2. Investment Experience. The Purchaser has sufficient knowledge and experience in financial and business matters so as to be capable of evaluating the merits and risks of its investment in the Securities. The Purchaser is capable of bearing the economic risks of such investment, including a complete loss of its investment.
3. Speculative Nature of Investment. The Purchaser understands and acknowledges that its investment in the Securities is highly speculative and involves substantial risks. The Purchaser can bear the economic risk of its investment and is able, without impairing its financial condition, to hold the Securities for an indefinite period of time and to suffer a complete loss of its investment.
4. Status of Purchaser. The Purchaser is (i) an “accredited investor” within the meaning of Rule 501 of Regulation D under the Securities Act and/or (ii) not a “U.S. person” within the meaning of Regulation S under the Securities Act.
5. Solicitation. The Purchaser did not contact the Grantors as a result of any general solicitation or directed selling efforts (within the meaning of Regulation S promulgated under the Securities Act).
Exhibit A-1
6. Offshore Transaction. The Purchaser has been advised and acknowledges that in sale and transfer of the Securities to the Purchaser pursuant to this Letter, the Grantors are relying upon the exemption from registration provided by Regulation S under the Securities Act. The Purchaser acknowledges that at the time of the exercise of the Call Options, the Purchaser was outside of the United States.

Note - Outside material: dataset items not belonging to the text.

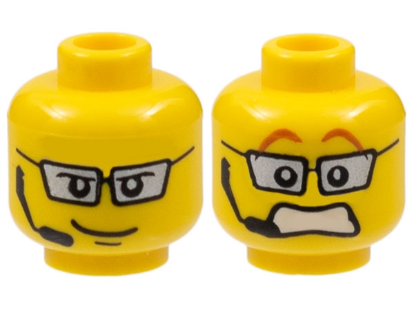 Minifigure, Head Dual Sided Silver Glasses, Headset, Smile / Scared Pattern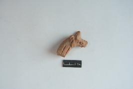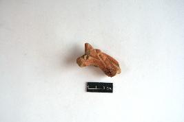 | Description / विवरण | Terracotta horse head marked with applique circular eyes with central incision. A decorated strip is observed around the mouth. Neck mane is marked with incised lines. Rest body is missing. |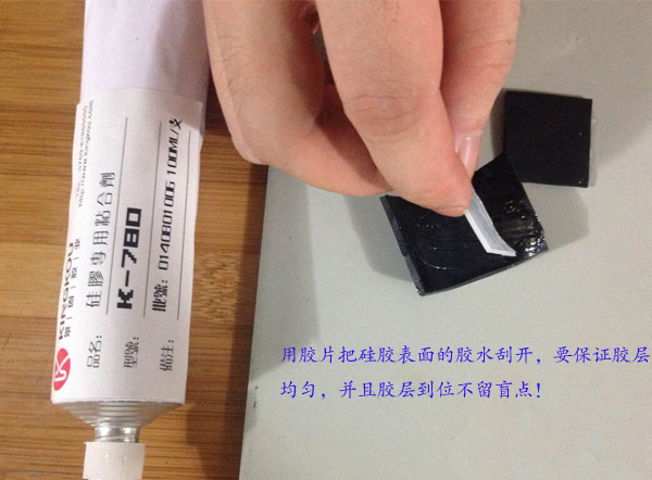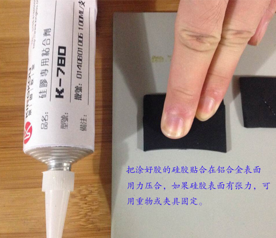 | 硅膠與金屬的粘接市面上比較常見(jiàn)有的硅膠粘不銹鋼、硅膠粘鋁合金這兩種,今天以硅膠和鋁合金的粘接來(lái)介紹一款膠水及具體的使用方法: K-780硅膠專用膠水 K-780硅膠專用膠水主要用于硅膠與塑料、金屬、玻璃、木材、皮革等材質(zhì)的粘接,膠水固化后是透明軟質(zhì)體,不會(huì)改變硅膠的軟韌性,強(qiáng)度可達(dá)到拉爛硅膠不會(huì)脫膠,該款膠水另一個(gè)優(yōu)點(diǎn)是可以耐260度高溫,適用于經(jīng)常處于高溫工作狀態(tài)的產(chǎn)品粘接。膠水通過(guò)歐盟ROHS環(huán)保認(rèn)證,符合出口標(biāo)準(zhǔn)! 硅膠粘鋁合金膠水K-780硅膠膠水使用方法: 1:把K-780硅膠膠水帽子擰開(kāi),把尖嘴導(dǎo)管裝在鋁管頂端,把膠水涂在硅膠表面 2:用硬膠片把硅膠上面的硅膠膠水刮開(kāi),保證膠層均勻,需要粘接的位置涂膠到位不留盲點(diǎn) 3:把涂好硅膠膠水的硅膠貼合在鋁合金表面,硅膠與鋁合金之間如果有張力,需要用重物或夾具固定 4:K-780為慢干型硅膠膠水,定位時(shí)間在15~30分鐘,完全固化需要24小時(shí),測(cè)試強(qiáng)度在24小時(shí)后進(jìn)行! |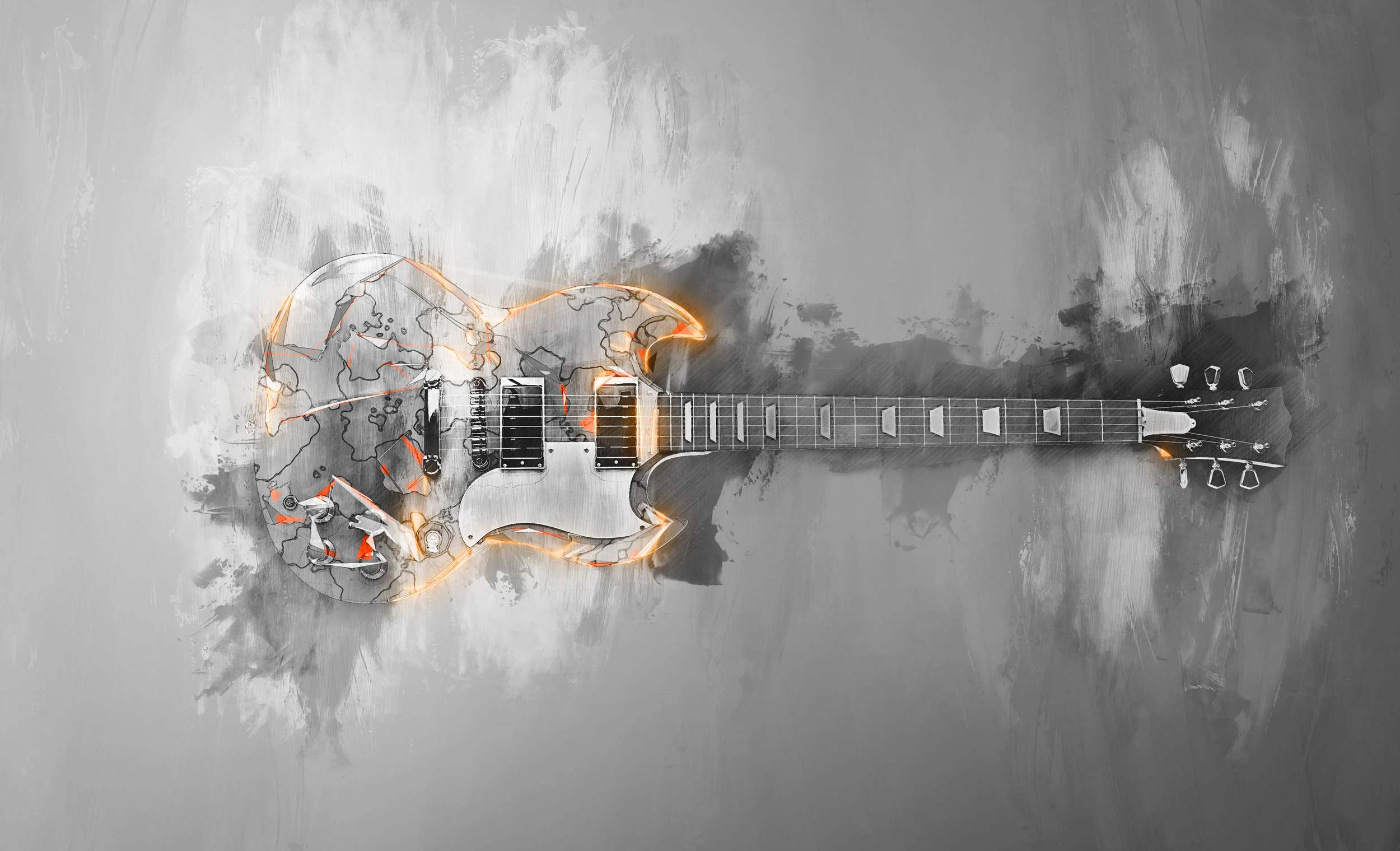 Papier peint guitare électrique artistique effet peinture grise et orange

7. Reliance on Exemptions. The Purchaser understands that the Securities are being offered and sold to it in reliance on specific exemptions from the registration requirements of United States federal and state securities laws and that the Grantors are relying in part upon the truth and accuracy of, and the Purchaser’s compliance with this Investment Representation Statement in order to determine the availability of such exemptions and the eligibility of the Purchaser to acquire the Securities. The Purchaser acknowledges that, absent an effective registration under the Securities Act, the Securities may only be offered, sold or otherwise transferred (i) to the Company or any subsidiary thereof, (ii) outside the United States in accordance with Rule 904 of Regulation S under the Securities Act or (iii) pursuant to an exemption from registration under the Securities Act.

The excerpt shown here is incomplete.